= Photon-intermediate direct energy conversion =

Direct nuclear-to-electric power scheme

Photon-intermediate direct energy conversion (PIDEC) is a scheme for direct conversion of nuclear power to electricity.

PIDEC process is somewhat similar to a concept of fluorescent light - as in the CFL, in the nuclear reactor the original type of energy generated is not useful to humans. CFL uses a fluorescent coating on the inside of the light bulb to convert that energy into visible spectrum of the light. PIDEC uses fluorescer (in the form of gas) surrounding nuclear fuel acting as photon producer - fluorescer gets excited by neutron emissions and in turn emits narrow band ultraviolet light. That light is then relatively easily converted into electricity by special photo-voltaic converter.

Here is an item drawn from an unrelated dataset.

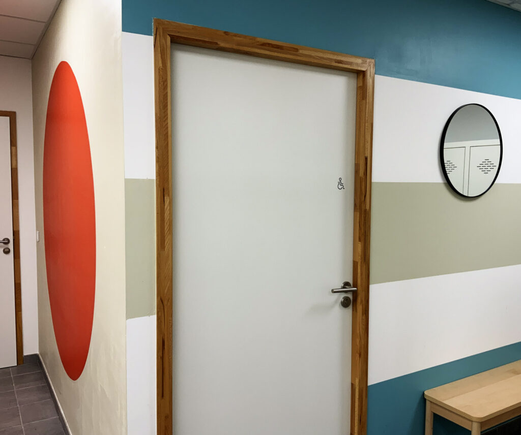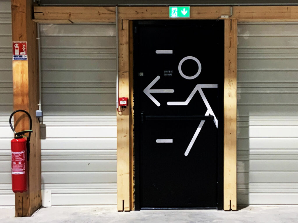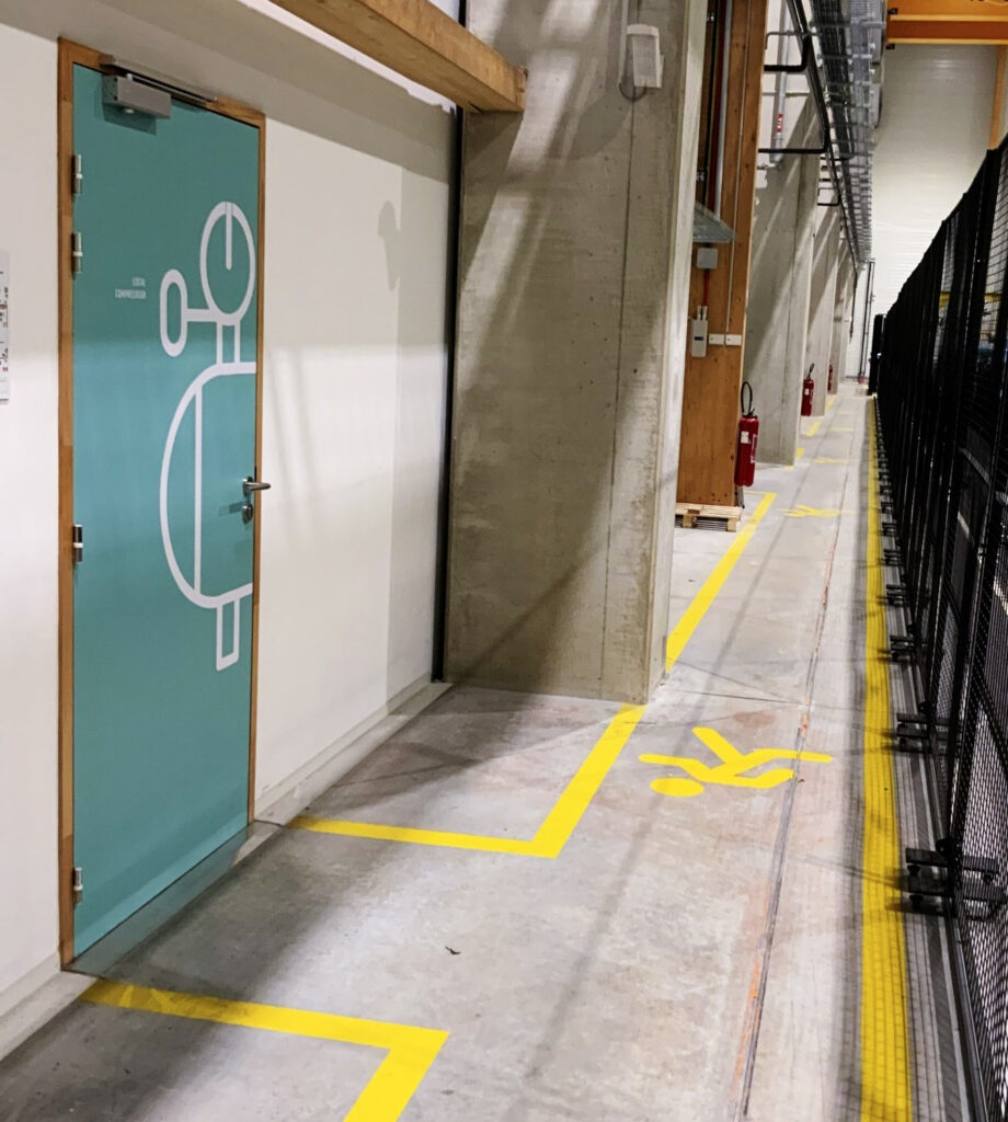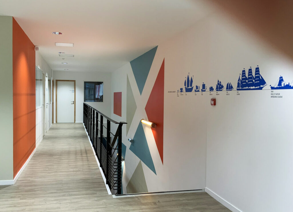 La signalétique ne sert pas seulement à s’orienter : elle accompagne aussi le travail quotidien, en faisant écho aux différentes phases de fabrication des mâts et des grandes pièces composites.

Because the photons emitted by fluorescer are narrow band, the conversion efficiency is much higher than efficiency of common solar cells. The overall efficiency of PIDEC is expected to be around 40%. The remaining residual heat is still high enough to use it in traditional thermalized way via Carnot Cycle e.g. steam turbine. A combined efficiency of such conversion system (PIDEC + traditional) could reach as much as 70%. In comparison, due to limitations of using solid nuclear fuel and water as coolant, current generation of nuclear plants average only about 35% conversion efficiency.

PIDEC would work best with some IV Generation nuclear reactor designs. For instance in molten salt reactor low pressure liquid serves both as fuel and as coolant. This way reactor can safely operate at very high temperatures increasing the energy conversion efficiency.

A lot of theoretical work has been done at University of Missouri with some patents applied for by Mark A. Prelas. Professor Prelas is best known for advocating the concept of nuclear lightbulb.